- _Exercise brief_
Your reply must contain the full listing below, reproduced exactly, but no pictures.

- Opening Delimiter -

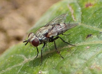 モモグロオオイエバエ Muscina angustifrons だと思います. 幼虫飼育は面白いですね.
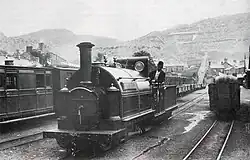 Both stations' platform was almost nominal, as the carriages were very low to the ground no height was needed.[11][12] There were two running lines through the station: the "Passenger Line" which ran past the platform, with the other for goods and workmen's trains.[13] The other two lines visible on photographs were a run-round loop for passenger locomotives and a siding.
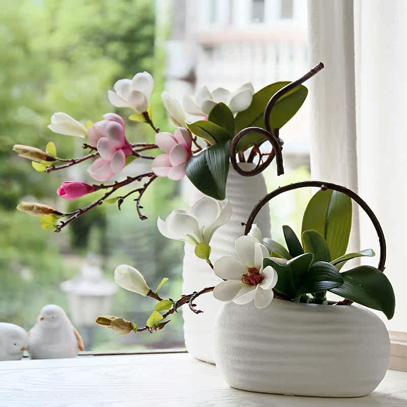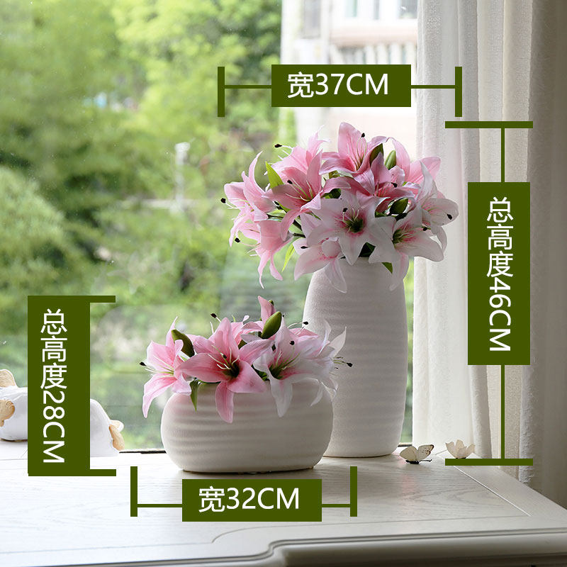 💥和家PU百合花玉兰花石斛兰绢花蝴蝶兰仿真花白色水纹陶瓷花瓶!种草记💖
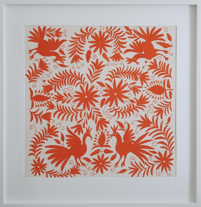Die traditionelle Sticktechnik der Otomi wird seit Generationen von den Frauen des indigenen Volkes in Mexiko praktiziert. Das Besondere ist ihre „blinde Stichtechnick“: Die Stiche auf der Vorderseite füllen das Muster, während auf der Rückseite nur die Konturen sichtbar sind. Die textilen Kunstwerke werden in Tenango de Doria im mexikanischen Bundesstaat Hidalgo von Hand gefertigt. Die lebendigen Darstellungen sind von der prächtigen Flora und Fauna des Landes inspiriert. Die Arbeit „Boxi“ misst 96 x 92 Zentimeter (inklusive Rahmen) und kann über die Düsseldorfer Galerie Sol & Art erworben werden. Sie kostet 2900 Euro.
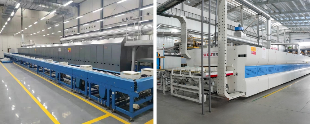 These kilns are equipped with patented technologies such as the OCE Optimized Combustion Energy-Saving System and the KHI Insulation Energy-Saving System. They also feature a high-precision digital flow control system that accurately adjusts the air-fuel ratio for optimal combustion, improved thermal efficiency, and broader automatic temperature control range. DLT Technology's sanitary ware tunnel kilns can achieve an energy consumption as low as 700 kcal/kg.c, while its roller kilns for tableware can operate at just 950 kcal/kg.c — delivering significant cost savings for its customers.
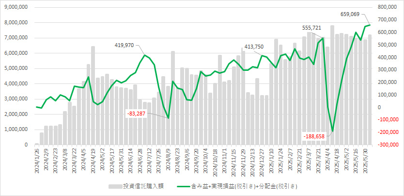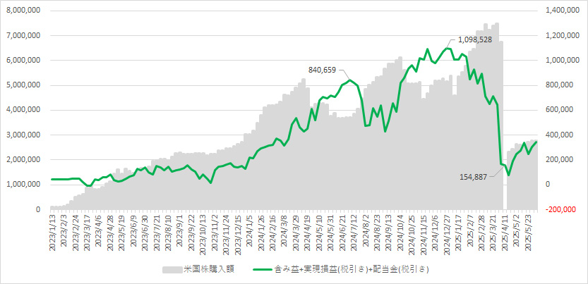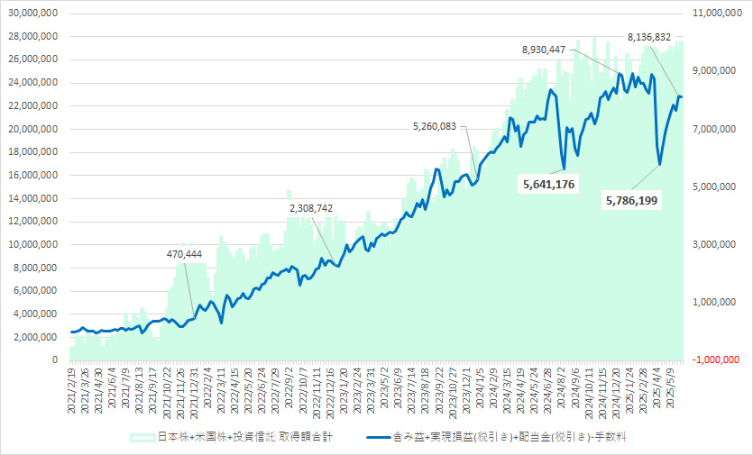 実現損益(累積):+4,754,131 円 先週比 +57,485 円 ※税引き後
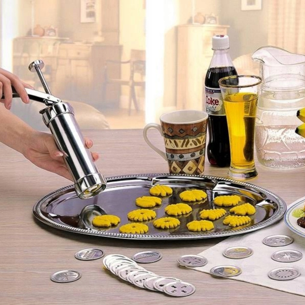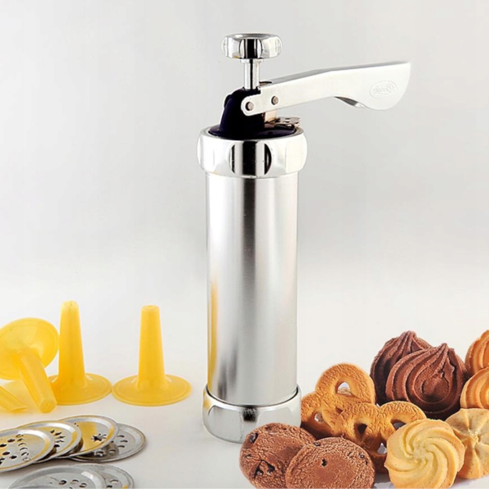 Машина для печива - це перевірений і надійний пристрій, який прискорить виробництво домашнього печива. Міцні матеріали та ретельне виготовлення шприца гарантують роки використання. Машина для печива має можливість регулювати їх товщину. Завдяки правильно сконструйованому поршню, тісто повністю переміщується в циліндрі видавлювача для печива, що усуває проблему засмічення сопла. У набір також входять 4 насадки та 20 дисків для декорування печива, тортів і тортів.

- Closing Delimiter -

- _Problem solution_
 モモグロオオイエバエ Muscina angustifrons だと思います. 幼虫飼育は面白いですね.
 Both stations' platform was almost nominal, as the carriages were very low to the ground no height was needed.[11][12] There were two running lines through the station: the "Passenger Line" which ran past the platform, with the other for goods and workmen's trains.[13] The other two lines visible on photographs were a run-round loop for passenger locomotives and a siding.
 💥和家PU百合花玉兰花石斛兰绢花蝴蝶兰仿真花白色水纹陶瓷花瓶!种草记💖
Die traditionelle Sticktechnik der Otomi wird seit Generationen von den Frauen des indigenen Volkes in Mexiko praktiziert. Das Besondere ist ihre „blinde Stichtechnick“: Die Stiche auf der Vorderseite füllen das Muster, während auf der Rückseite nur die Konturen sichtbar sind. Die textilen Kunstwerke werden in Tenango de Doria im mexikanischen Bundesstaat Hidalgo von Hand gefertigt. Die lebendigen Darstellungen sind von der prächtigen Flora und Fauna des Landes inspiriert. Die Arbeit „Boxi“ misst 96 x 92 Zentimeter (inklusive Rahmen) und kann über die Düsseldorfer Galerie Sol & Art erworben werden. Sie kostet 2900 Euro.
 These kilns are equipped with patented technologies such as the OCE Optimized Combustion Energy-Saving System and the KHI Insulation Energy-Saving System. They also feature a high-precision digital flow control system that accurately adjusts the air-fuel ratio for optimal combustion, improved thermal efficiency, and broader automatic temperature control range. DLT Technology's sanitary ware tunnel kilns can achieve an energy consumption as low as 700 kcal/kg.c, while its roller kilns for tableware can operate at just 950 kcal/kg.c — delivering significant cost savings for its customers.
 実現損益(累積):+4,754,131 円 先週比 +57,485 円 ※税引き後
 Машина для печива - це перевірений і надійний пристрій, який прискорить виробництво домашнього печива. Міцні матеріали та ретельне виготовлення шприца гарантують роки використання. Машина для печива має можливість регулювати їх товщину. Завдяки правильно сконструйованому поршню, тісто повністю переміщується в циліндрі видавлювача для печива, що усуває проблему засмічення сопла. У набір також входять 4 насадки та 20 дисків для декорування печива, тортів і тортів.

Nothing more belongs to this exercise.